Even a hotel located in a big city can reflect sustainable design and educational programming. For example, the Fairmont San Francisco hosts nine beehives in its culinary and rooftop gardens, each home to about 20,000 honeybees. The hotel not only offers bee tours, but guests can enjoy honey harvested from the hotel in their teas, desserts, and salad dressings.
This is sure to be sweet news indeed for guests en route to a city. Recent research from Booking.com revealed that though travelers are keen on sustainable travel, 40% don’t believe it’s possible to find such options in a city or tourist destination. (Keep this in mind when creating city-based content!) Your travel audience will be delighted to know that even in a cosmopolitan setting, they can find an eco-friendly retreat.

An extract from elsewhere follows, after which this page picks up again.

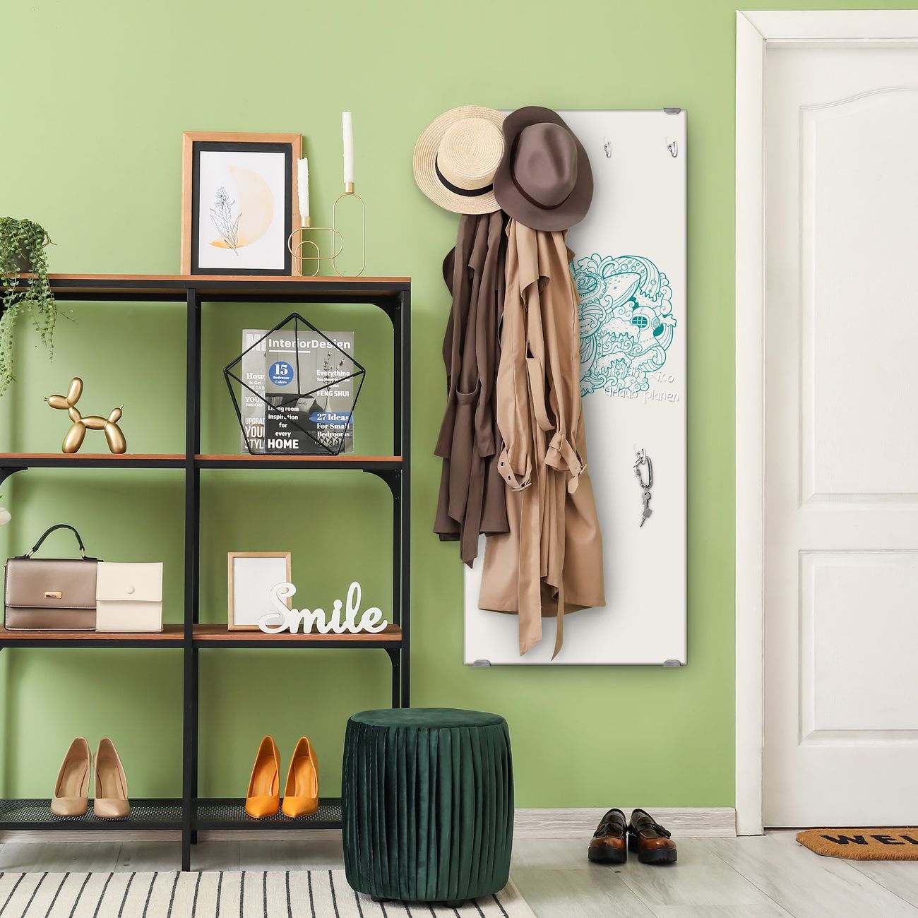 FUNKTION: Die banjado Wandgarderobe mit Motiv Tiefsee ist Ihr täglicher Begleiter. Zuverlässig hängen hier Ihre Jacken und Mäntel griffbereit. Das Echtglas ist Ihr Paneel auch beschreibbar und wieder abwischbar. DESIGN: Sie erhalten eine Garderobenleiste aus elegantem Echtglas mit dem Farbbrillanten Motiv Tiefsee hinterklebt. Das Design ist zeitlos klassisch, ohne dabei auf Funktionalität zu verzichten. Suchen Sie aus einer Vielzahl von Motiven das für Ihre Einrichtung Passende aus. DETAILS: Die Flurgarderobe besteht aus 4mm gehärtetem Sicherheitsglas. Sie ist 50cm breit, 125cm hoch und 6cm tief. Die Garderobenhaken zur Selbstmontage präsentieren sich in Edelstahl-Optik, ebenso die Abstandshalter für die Wandmontage. Ihre neue Garderobe ist sofort einsatzbereit. NUTZEN: Ihre neue Garderobe hält nicht nur zuverlässig Ihre Kleidung, sie ist auch optisch ein Blickfang. Durch das Glas können Sie an der Garderobe mit wasserlöslichen Kreidestiften oder Whiteboard-Markern auch Nachrichten hinterlassen. BANJADO: Wir sind ein kleines kreatives Team aus Sachsen und entwickeln Produkte die Design und Funktionalität verbinden sollen. Viel Freude mit Ihrer neuen Garderobe wünscht das banjado-Team!

OTAs Can Help Eco-minded Guests Sort Through the Noise
OTAs have become a one-stop shop for many travelers engaged in the planning process. Along with the possibility of cheaper fares – and digital ease of use – many OTAs offer the full spectrum of bookings in one place, from flights and accommodations to excursions.
With this in mind, OTAs are prime hubs for connecting travelers to sustainable tourism. In addition to transportation and accommodations, OTAs can help travelers plan their trip with sustainability in mind. Outdoor explorations are, of course, always the best way to enjoy and celebrate nature. Museums, aquariums, and botanical gardens are also wonderful choices, with proceeds directly benefiting a destination’s conservation work.
Along with featuring excursions and educational institutions, your OTA’s social or blog content can also play a key role in reflecting the values of sustainable travel. From engaging in voluntourism to discarding waste properly, your creative content can illustrate best practices for responsible travel and help guests incorporate these values into their vacation rhythms.
Kind Traveler is one OTA that’s weaving sustainable tourism throughout its operations. The hotel booking platform provides guests with the opportunity to give back with every booking, by offering exclusive perks with a $10 donation to one of Kind Traveler’s charity partners. Partnering organizations include wildlife sanctuaries, hospitals, and food banks.
Sustainable Tourism is Nourishing for Both Travelers and Destinations
The EUROPARC Federation describes sustainable tourism beautifully, as a mode of travel that “provides a meaningful quality experience, safeguards natural and cultural values, supports local livelihoods and quality of life and is economically viable.”
Studies continue to show that travelers seek to make an impact for good, but aren’t quite sure where to start. As a trusted travel partner, your organization can help steer them in the right direction. A couple closing insights from Kind Traveler’s 2022 Impact Tourism Report:
- 96% of respondents agree it’s important to them – voting from slightly to very – that travel spending helps sustain the destinations visited
- 48% of respondents said finding sustainable accommodations was their greatest challenge in traveling sustainably, while 37% chose reducing one’s carbon footprint as their greatest challenge
Sustainable tourism protects communities, wildlife, resources, and ancient destinations. It encourages a rhythm of travel that’s woven with appreciation and stewardship. And it’s an enriched approach to travel that truly does a world of good.
Along with your organization’s own sustainability initiatives, consider how – through innovation, creative content, and partnerships – you can inform and support your travel community with the inspiration they need to plan trips that are aligned with their values.